§ WHAT TO PRODUCE: For this exercise, write out each entry below exactly, omitting the images.

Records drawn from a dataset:
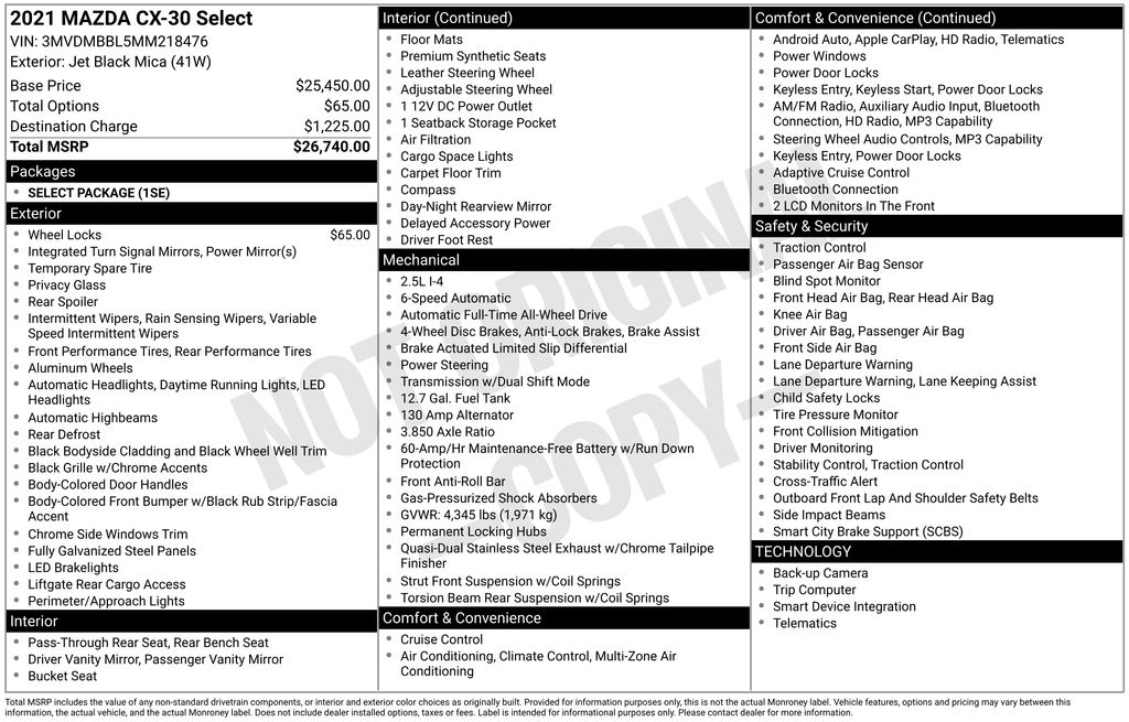 Highlighted by its sleek black exterior and well-appointed interior, the CX-30 Select commands attention wherever it goes. Its 6-speed automatic transmission with all-wheel drive delivers a confident and engaging ride, while the efficient I4 engine provides an exceptional balance of power and fuel economy, with an EPA-estimated 24 city/31 highway MPG.
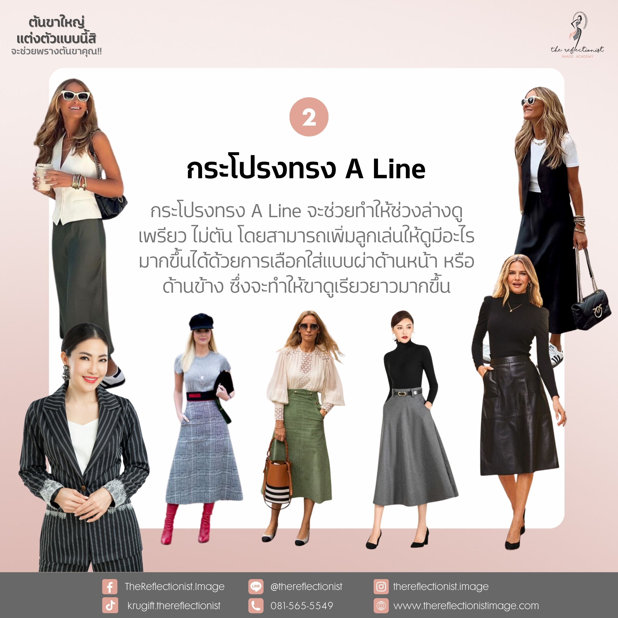 กระโปรงทรง A Line จะช่วยทำให้ช่วงล่างดูเพรียว ไม่ตัน โดยสามารถเพิ่มลูกเล่นให้ดูมีอะไรมากขึ้นได้ด้วยการเลือกใส่แบบผ่าด้านหน้า หรือด้านข้าง ซึ่งจะทำให้ขาดูเรียวยาวมากขึ้น
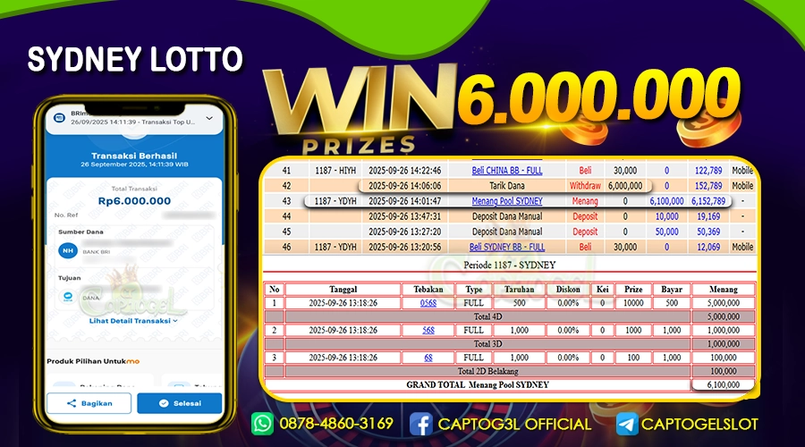 Read moreCAPTOGEL- JP SYDNEY LOTTO 6 Juta 26 SEPTEMBER 2025
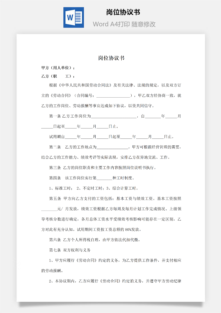 首页 Word模板 人力资源 岗位协议书
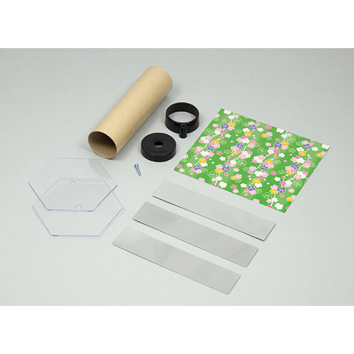 セット内容:紙管(φ39×140mm)×1、ミラー(31×140mm)×3、キャップ(上・下)×各1、千代紙(140×125mm)×1、ネジ×1、透明板・六角(100×100×2mm)×2
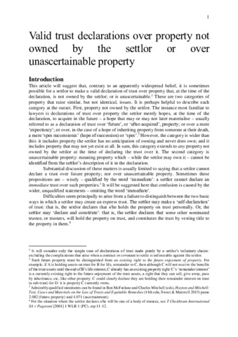 It seems to be widely believed that settlors can never make valid declarations of trust over property that, at the time of the declaration, they do not own; or which is unascertainable then. It is argued that this is a misconception: arising from a failure to distinguish between (1) rules applicable to self-declarations of trust and (2) rules applicable to declarations of trust to be constituted by vesting title to property in others as trustees.
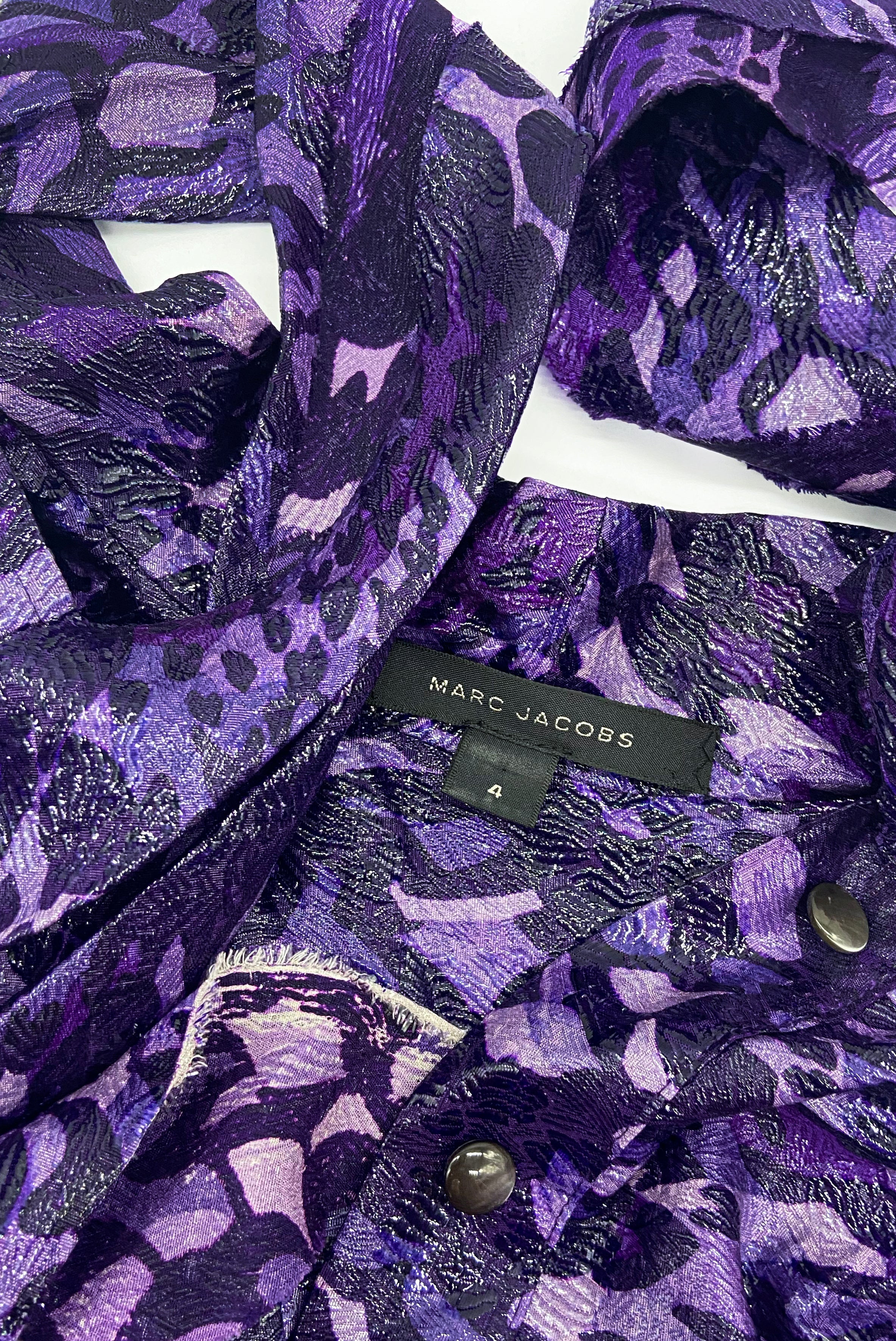 Marc Jacobs Purple Shine Silk Camoflauge Print Shift Dress

§ ANSWER SECTION:
 Highlighted by its sleek black exterior and well-appointed interior, the CX-30 Select commands attention wherever it goes. Its 6-speed automatic transmission with all-wheel drive delivers a confident and engaging ride, while the efficient I4 engine provides an exceptional balance of power and fuel economy, with an EPA-estimated 24 city/31 highway MPG.
 กระโปรงทรง A Line จะช่วยทำให้ช่วงล่างดูเพรียว ไม่ตัน โดยสามารถเพิ่มลูกเล่นให้ดูมีอะไรมากขึ้นได้ด้วยการเลือกใส่แบบผ่าด้านหน้า หรือด้านข้าง ซึ่งจะทำให้ขาดูเรียวยาวมากขึ้น
 Read moreCAPTOGEL- JP SYDNEY LOTTO 6 Juta 26 SEPTEMBER 2025
 首页 Word模板 人力资源 岗位协议书
 セット内容:紙管(φ39×140mm)×1、ミラー(31×140mm)×3、キャップ(上・下)×各1、千代紙(140×125mm)×1、ネジ×1、透明板・六角(100×100×2mm)×2
 It seems to be widely believed that settlors can never make valid declarations of trust over property that, at the time of the declaration, they do not own; or which is unascertainable then. It is argued that this is a misconception: arising from a failure to distinguish between (1) rules applicable to self-declarations of trust and (2) rules applicable to declarations of trust to be constituted by vesting title to property in others as trustees.
 Marc Jacobs Purple Shine Silk Camoflauge Print Shift Dress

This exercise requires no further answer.